Records from a collection
>>>
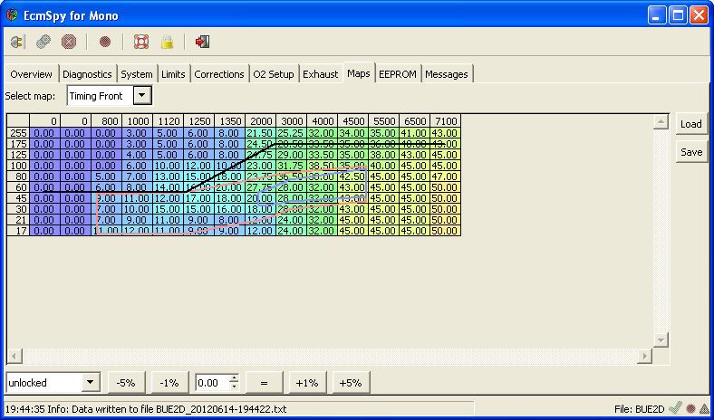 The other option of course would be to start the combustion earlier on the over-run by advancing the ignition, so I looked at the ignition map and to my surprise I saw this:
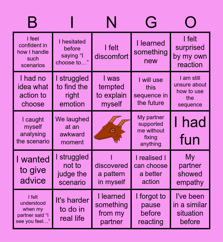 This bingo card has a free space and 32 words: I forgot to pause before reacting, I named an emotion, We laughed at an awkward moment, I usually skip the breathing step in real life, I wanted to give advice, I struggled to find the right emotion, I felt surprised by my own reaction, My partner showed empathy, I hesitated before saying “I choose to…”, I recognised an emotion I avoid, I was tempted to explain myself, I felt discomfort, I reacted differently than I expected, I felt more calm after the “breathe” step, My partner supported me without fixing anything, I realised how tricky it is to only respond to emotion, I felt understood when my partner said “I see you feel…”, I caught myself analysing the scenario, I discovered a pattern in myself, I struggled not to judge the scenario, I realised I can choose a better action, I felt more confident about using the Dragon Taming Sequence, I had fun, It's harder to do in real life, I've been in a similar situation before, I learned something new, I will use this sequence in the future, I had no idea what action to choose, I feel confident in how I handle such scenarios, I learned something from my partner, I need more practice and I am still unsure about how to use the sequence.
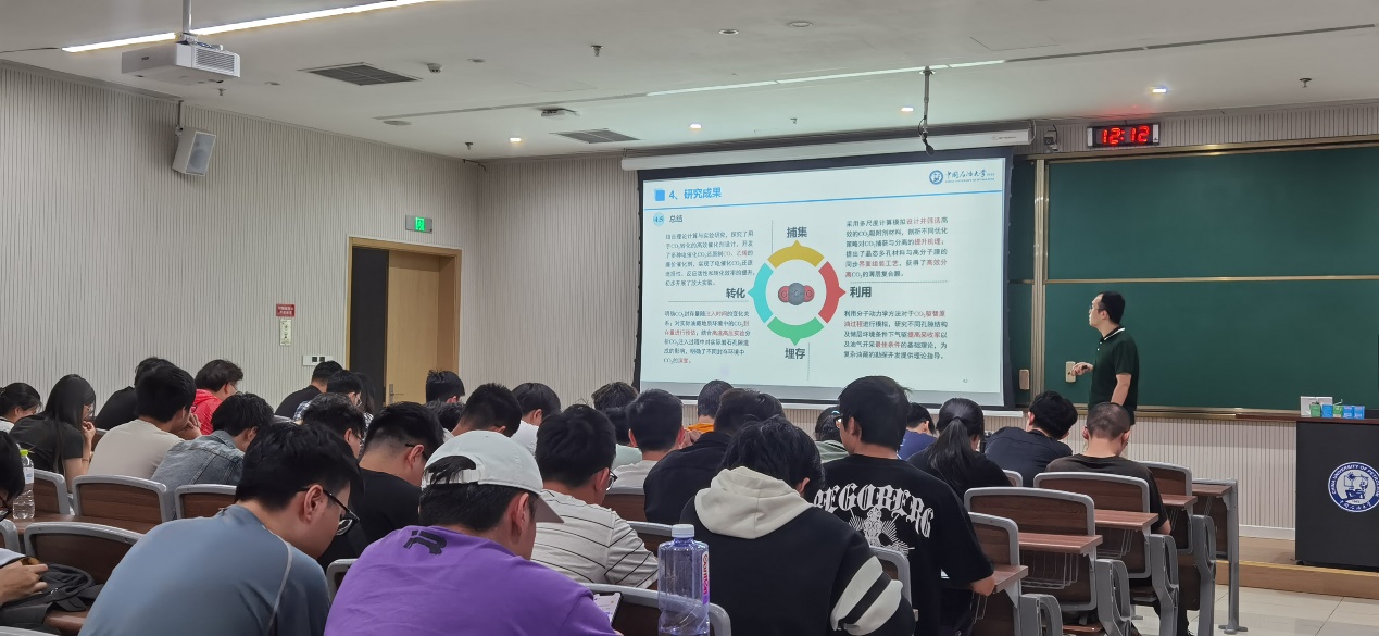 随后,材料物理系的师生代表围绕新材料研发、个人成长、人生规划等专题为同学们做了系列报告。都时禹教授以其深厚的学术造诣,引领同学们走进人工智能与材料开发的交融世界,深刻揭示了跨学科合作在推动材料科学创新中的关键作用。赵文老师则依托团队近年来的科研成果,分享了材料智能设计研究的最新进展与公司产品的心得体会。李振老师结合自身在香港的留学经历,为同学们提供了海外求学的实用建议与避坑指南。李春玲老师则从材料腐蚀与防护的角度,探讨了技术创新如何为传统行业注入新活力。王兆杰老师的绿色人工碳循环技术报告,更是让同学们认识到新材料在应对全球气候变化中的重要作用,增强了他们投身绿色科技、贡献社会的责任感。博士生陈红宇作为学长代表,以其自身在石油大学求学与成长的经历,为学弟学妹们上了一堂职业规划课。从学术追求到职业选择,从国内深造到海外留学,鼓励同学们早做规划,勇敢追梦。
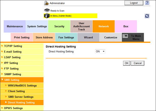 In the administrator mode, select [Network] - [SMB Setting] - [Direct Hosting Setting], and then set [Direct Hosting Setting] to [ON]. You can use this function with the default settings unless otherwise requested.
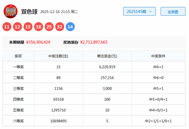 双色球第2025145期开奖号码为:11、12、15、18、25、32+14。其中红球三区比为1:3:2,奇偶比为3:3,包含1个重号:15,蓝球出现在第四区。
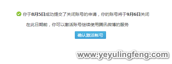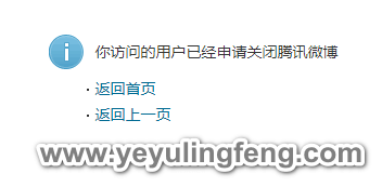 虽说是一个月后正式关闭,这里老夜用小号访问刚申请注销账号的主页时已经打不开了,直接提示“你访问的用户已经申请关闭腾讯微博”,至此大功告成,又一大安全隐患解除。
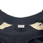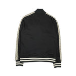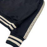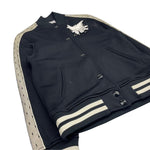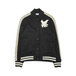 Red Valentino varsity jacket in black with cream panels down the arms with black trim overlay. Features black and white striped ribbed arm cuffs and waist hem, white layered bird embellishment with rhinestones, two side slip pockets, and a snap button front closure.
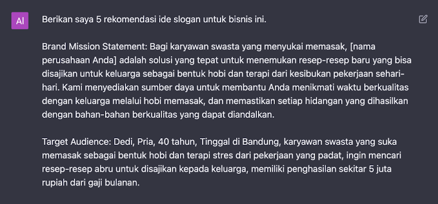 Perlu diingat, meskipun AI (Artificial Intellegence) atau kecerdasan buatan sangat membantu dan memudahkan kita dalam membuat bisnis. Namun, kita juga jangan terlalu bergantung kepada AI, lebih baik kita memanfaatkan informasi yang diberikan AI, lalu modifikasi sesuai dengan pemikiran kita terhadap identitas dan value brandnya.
<<<
What the exercise asks:
Using the data above, set down each line from the line with "双色球第2025145期开奖" to the line with "Red Valentino varsity" exactly, both ends included, and leave the pictures behind. Nothing else belongs.

Response to this task:
 双色球第2025145期开奖号码为:11、12、15、18、25、32+14。其中红球三区比为1:3:2,奇偶比为3:3,包含1个重号:15,蓝球出现在第四区。
 虽说是一个月后正式关闭,这里老夜用小号访问刚申请注销账号的主页时已经打不开了,直接提示“你访问的用户已经申请关闭腾讯微博”,至此大功告成,又一大安全隐患解除。
 Red Valentino varsity jacket in black with cream panels down the arms with black trim overlay. Features black and white striped ribbed arm cuffs and waist hem, white layered bird embellishment with rhinestones, two side slip pockets, and a snap button front closure.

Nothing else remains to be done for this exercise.